**WHAT TO WORK ON**
Give back the lines below exactly, but do not include any pictures.

Data entries
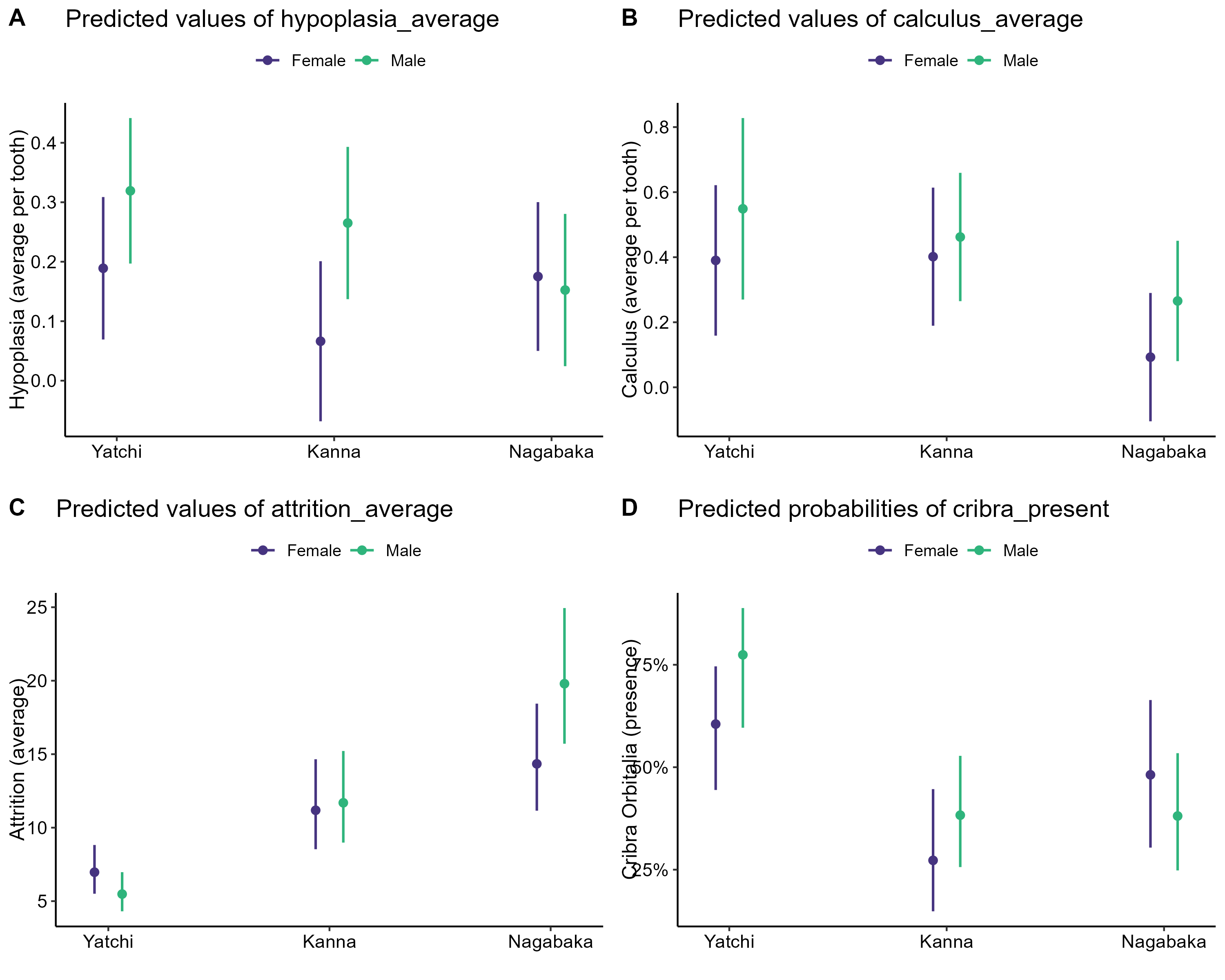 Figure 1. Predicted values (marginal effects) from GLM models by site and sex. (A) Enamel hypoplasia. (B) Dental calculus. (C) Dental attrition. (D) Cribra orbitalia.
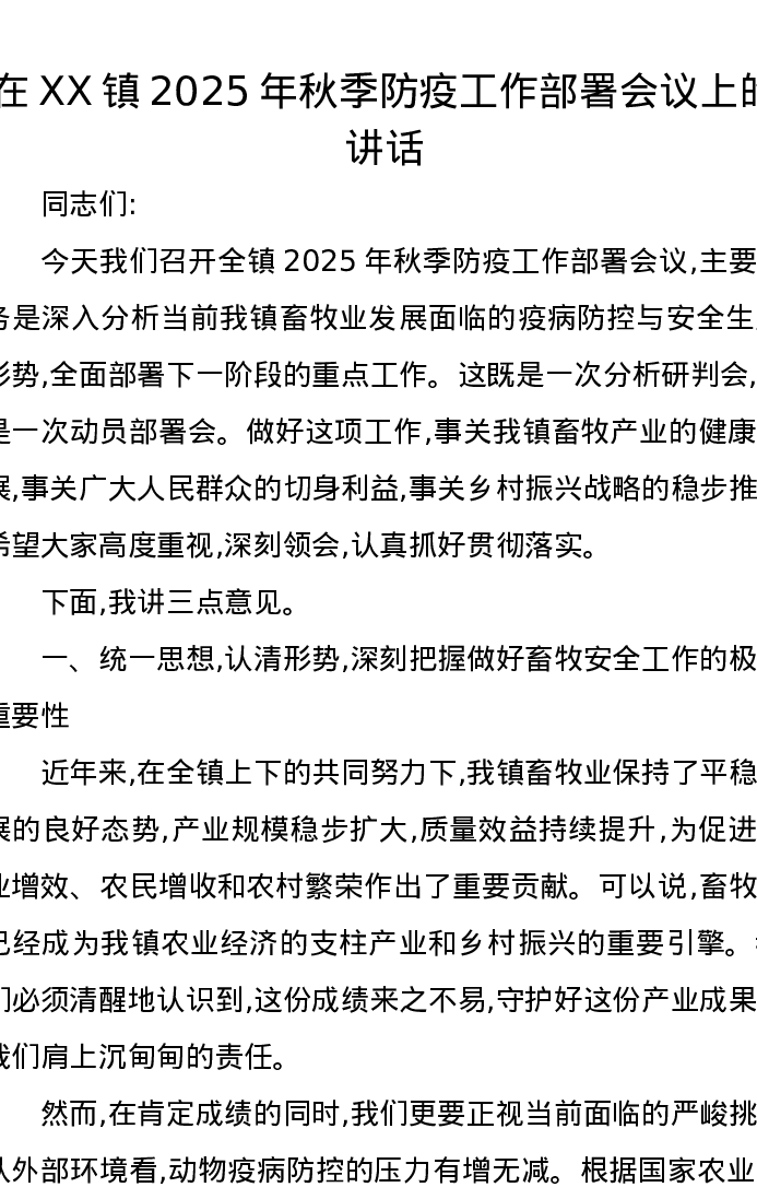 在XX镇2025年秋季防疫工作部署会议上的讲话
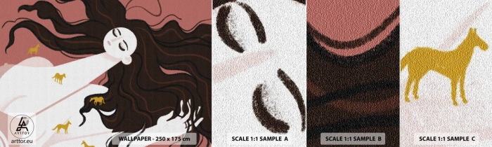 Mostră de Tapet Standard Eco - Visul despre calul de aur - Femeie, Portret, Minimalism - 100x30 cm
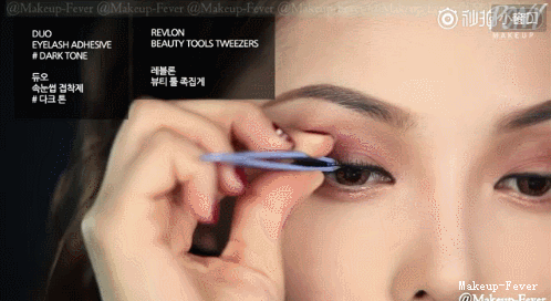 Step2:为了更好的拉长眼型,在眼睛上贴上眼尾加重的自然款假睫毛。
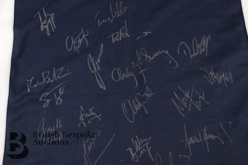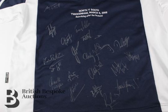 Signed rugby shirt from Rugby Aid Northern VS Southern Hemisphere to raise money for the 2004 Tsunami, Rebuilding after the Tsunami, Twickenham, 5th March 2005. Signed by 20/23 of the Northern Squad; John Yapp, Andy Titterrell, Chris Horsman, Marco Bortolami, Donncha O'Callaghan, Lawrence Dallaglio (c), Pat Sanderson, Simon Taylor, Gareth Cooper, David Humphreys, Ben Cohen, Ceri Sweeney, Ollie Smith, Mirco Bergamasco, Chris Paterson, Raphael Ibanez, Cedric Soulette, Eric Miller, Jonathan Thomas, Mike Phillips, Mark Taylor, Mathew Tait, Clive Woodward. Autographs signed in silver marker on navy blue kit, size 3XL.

**RESPONSE BELOW**
 Figure 1. Predicted values (marginal effects) from GLM models by site and sex. (A) Enamel hypoplasia. (B) Dental calculus. (C) Dental attrition. (D) Cribra orbitalia.
 在XX镇2025年秋季防疫工作部署会议上的讲话
 Mostră de Tapet Standard Eco - Visul despre calul de aur - Femeie, Portret, Minimalism - 100x30 cm
 Step2:为了更好的拉长眼型,在眼睛上贴上眼尾加重的自然款假睫毛。
 Signed rugby shirt from Rugby Aid Northern VS Southern Hemisphere to raise money for the 2004 Tsunami, Rebuilding after the Tsunami, Twickenham, 5th March 2005. Signed by 20/23 of the Northern Squad; John Yapp, Andy Titterrell, Chris Horsman, Marco Bortolami, Donncha O'Callaghan, Lawrence Dallaglio (c), Pat Sanderson, Simon Taylor, Gareth Cooper, David Humphreys, Ben Cohen, Ceri Sweeney, Ollie Smith, Mirco Bergamasco, Chris Paterson, Raphael Ibanez, Cedric Soulette, Eric Miller, Jonathan Thomas, Mike Phillips, Mark Taylor, Mathew Tait, Clive Woodward. Autographs signed in silver marker on navy blue kit, size 3XL.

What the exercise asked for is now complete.